Supplied material -
# # # # # # #
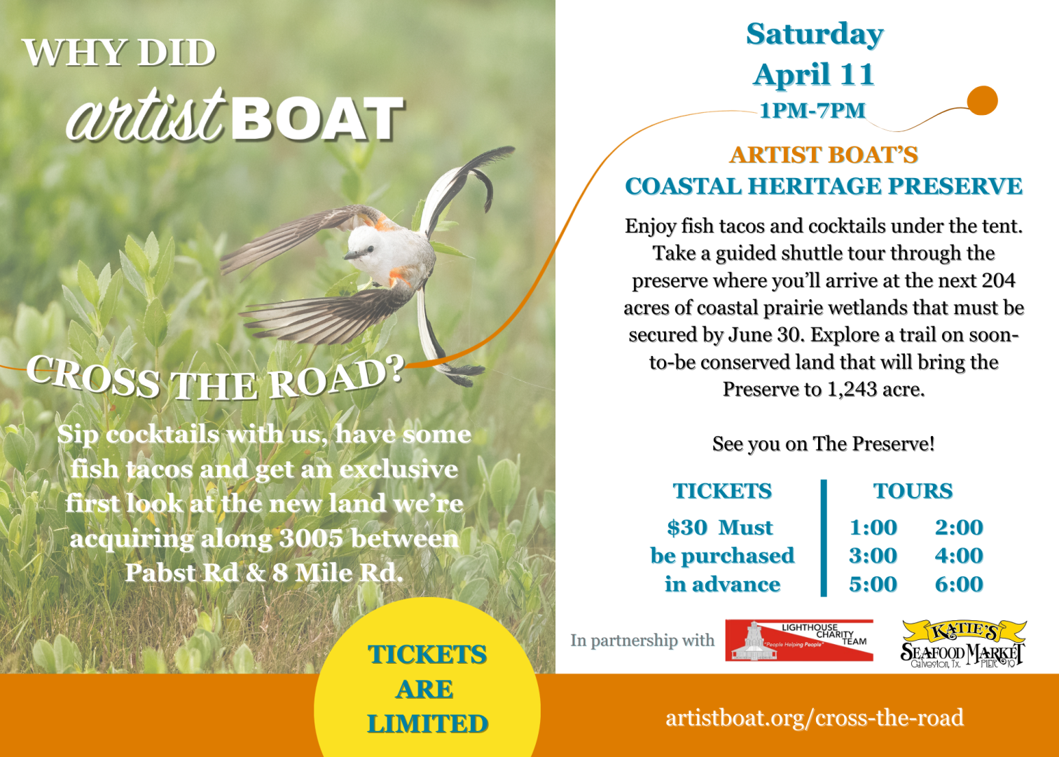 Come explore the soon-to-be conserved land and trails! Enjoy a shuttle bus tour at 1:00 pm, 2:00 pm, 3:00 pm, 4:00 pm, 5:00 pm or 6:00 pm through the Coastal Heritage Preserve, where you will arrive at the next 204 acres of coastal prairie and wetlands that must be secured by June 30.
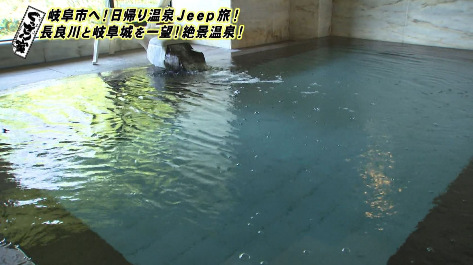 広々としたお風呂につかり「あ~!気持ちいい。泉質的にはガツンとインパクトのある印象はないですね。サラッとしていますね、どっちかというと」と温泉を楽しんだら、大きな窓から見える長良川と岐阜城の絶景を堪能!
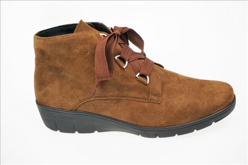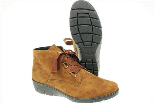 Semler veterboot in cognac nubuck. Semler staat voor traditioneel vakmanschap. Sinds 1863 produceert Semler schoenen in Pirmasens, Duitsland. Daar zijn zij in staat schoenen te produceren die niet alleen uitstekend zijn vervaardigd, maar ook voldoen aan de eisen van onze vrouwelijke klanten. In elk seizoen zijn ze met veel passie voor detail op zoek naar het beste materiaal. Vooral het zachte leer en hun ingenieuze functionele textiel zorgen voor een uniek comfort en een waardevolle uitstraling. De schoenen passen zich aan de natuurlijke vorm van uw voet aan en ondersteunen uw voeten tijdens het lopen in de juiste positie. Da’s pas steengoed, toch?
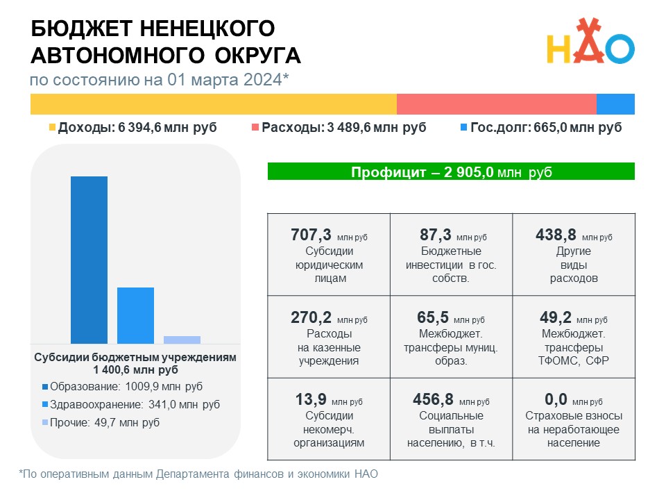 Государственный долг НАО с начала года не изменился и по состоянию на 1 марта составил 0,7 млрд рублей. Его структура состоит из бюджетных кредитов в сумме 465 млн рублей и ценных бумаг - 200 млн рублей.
# # # # # # #
Directions - Leave out the pictures and repeat exactly the lines from the start of the material through the line that contains "広々としたお風呂につかり「あ", both included.

Solution for this exercise -
 Come explore the soon-to-be conserved land and trails! Enjoy a shuttle bus tour at 1:00 pm, 2:00 pm, 3:00 pm, 4:00 pm, 5:00 pm or 6:00 pm through the Coastal Heritage Preserve, where you will arrive at the next 204 acres of coastal prairie and wetlands that must be secured by June 30.
 広々としたお風呂につかり「あ~!気持ちいい。泉質的にはガツンとインパクトのある印象はないですね。サラッとしていますね、どっちかというと」と温泉を楽しんだら、大きな窓から見える長良川と岐阜城の絶景を堪能!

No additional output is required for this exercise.